Repository files navigation

VoxOff: AI-Powered Karaoke Web App

What is VoxOff?

VoxOff is an end-to-end karaoke platform that lets users sing along to their favorite tracks with real-time, word-by-word lyric highlighting. Users can search for any song, and VoxOff will:

  • Automatically download the audio,

  • Strip out vocals to generate a clean instrumental,

  • Scrape lyrics from trusted sources,

  • Sync lyrics to the vocals using forced alignment,

  • And serve everything back in a smooth web interface with a built-in karaoke player.

Behind the scenes, VoxOff uses a hybrid architecture: audio and lyrics are fetched locally, but heavy processing like vocal separation and alignment runs on the cloud.
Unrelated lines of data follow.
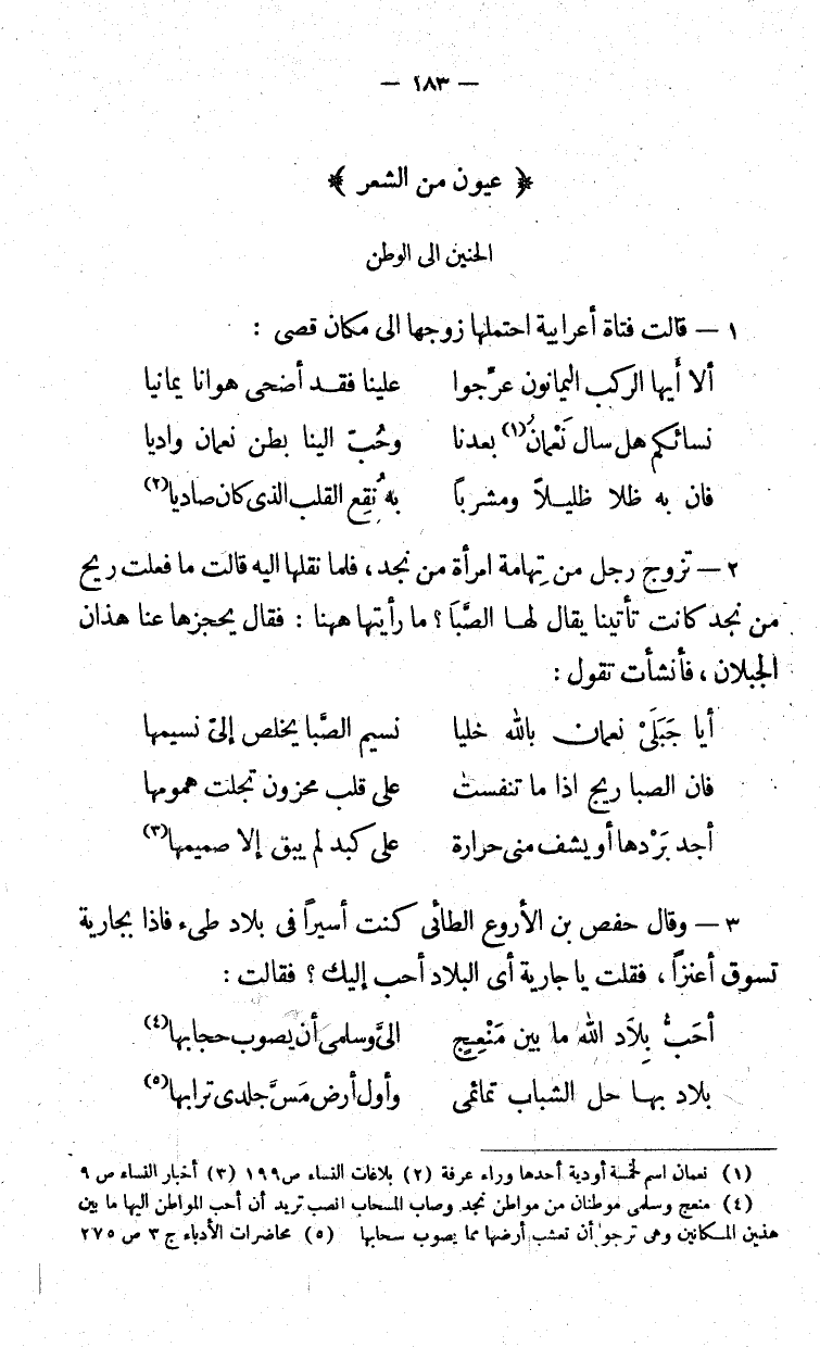 وقال حفص بن الأروع الطائي كنت أسيرا في بلاد طيء فإذا بجارية تسوق أعنزا، فقلت يا جارية أي البلاد أحب إليك؟ فقالت:
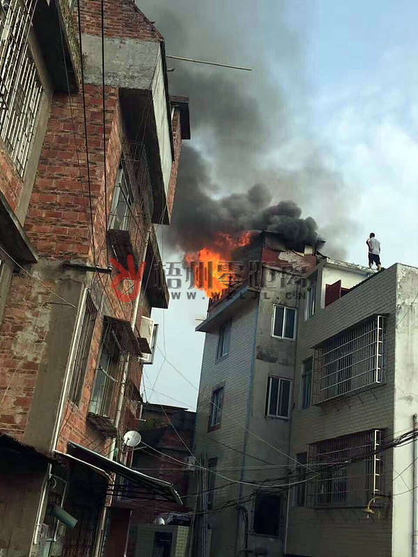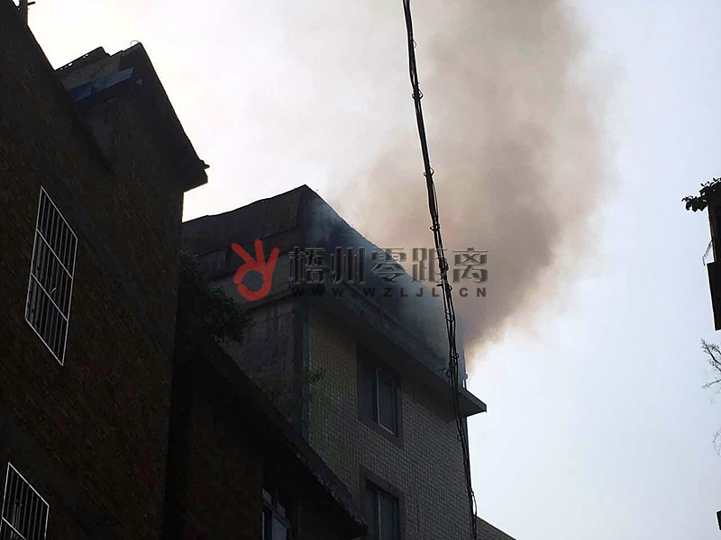 ??? 梧州零距離快訊 今天(7月25日)上午8時許,步埠路三級61號民房天臺發生一起火災,消防官兵出動救火。經及時撲救,8時40分左右,火勢得到完全控制,現場無人員傷亡,事故發生原因正在調查中。據屋主猜測,起火原因可能為線路出現問題,引起周邊木柴等雜物起火燃燒。(羅卡妮)
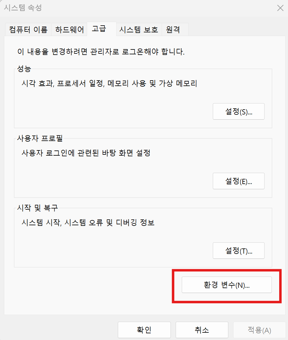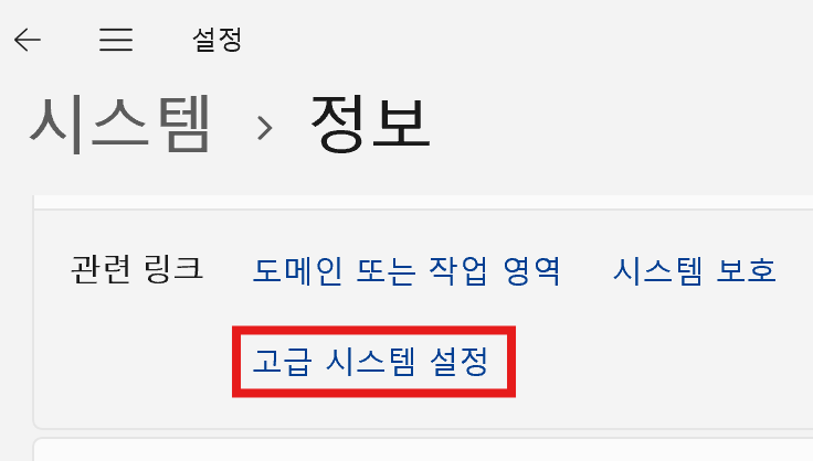 설정 > 시스템 > 정보 > 고급 시스템 설정 >

The result is a lightweight, scalable, and responsive karaoke experience.

What are the main features?

  • Song Search – Search for songs by title or artist using Genius integration.

  • Audio Downloader – Fetch high-quality audio directly from YouTube.
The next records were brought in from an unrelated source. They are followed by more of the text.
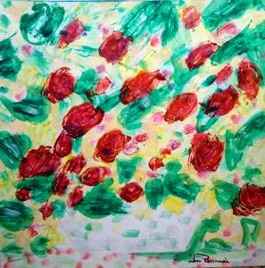 Viaje a SAMARKANDA. 60X60 cm. acrilico sobre papel. Flores de SAMARKANDA
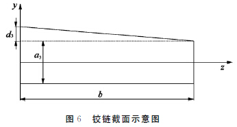 式中,α 是轉(zhuǎn)角;M 是轉(zhuǎn)矩;E 是材料彈性模量;I 是鉸鏈截面對(duì)z 軸的慣性矩。取出如圖2的微元進(jìn)行積分,可得鉸鏈轉(zhuǎn)角公式為:
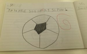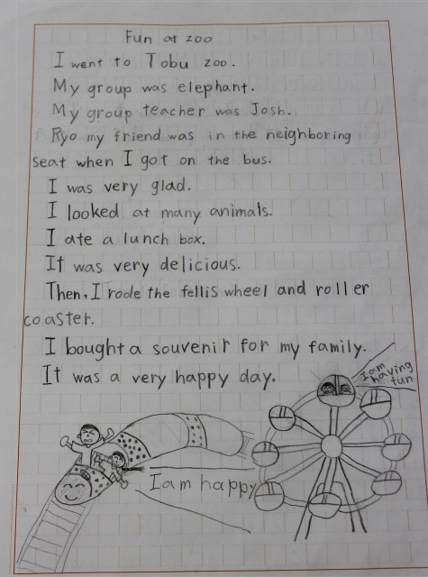 といっても、まだ小学生2、3年生は英文が書けませんから、絵日記なのです。クラスが始まるとその絵日記をみんなに披露します。アメリカの小学校でもよく行われているShow & Tell です。絵を見せながら、その時のことを英語で伝えます。先生やクラスメートもそのことでいろいろ聞いてきます。
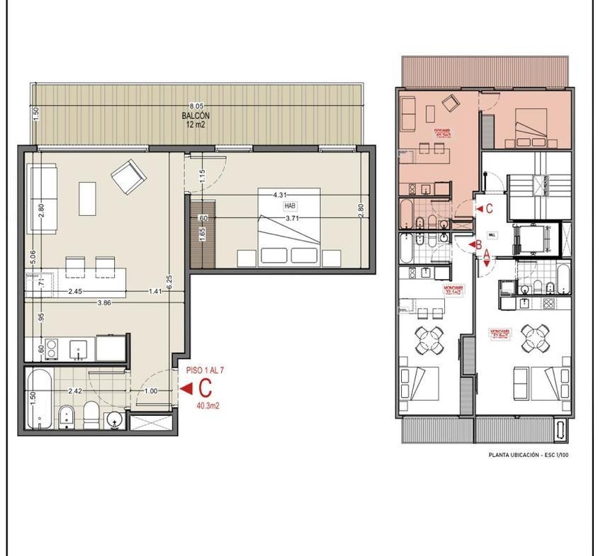 • Monoambientes al frente desde 36 m² hasta 43 m² totales.

  • Vocal Isolation – Separate vocals and instrumentals using Spleeter.

  • Lyrics Scraping – Extract lyrics from Genius or AZLyrics.

  • Forced Alignment – Sync lyrics word-by-word to the audio using ForceAlign.

  • Interactive Karaoke Player – Displays synced lyrics with line-by-line highlighting in a built-in audio player.

  • Cloud-Based Processing – Offload intensive tasks to Kubernetes-hosted services on GKE.

  • Google OAuth Login – Simple and secure authentication.

  • User History Tracking – View previously processed or played songs.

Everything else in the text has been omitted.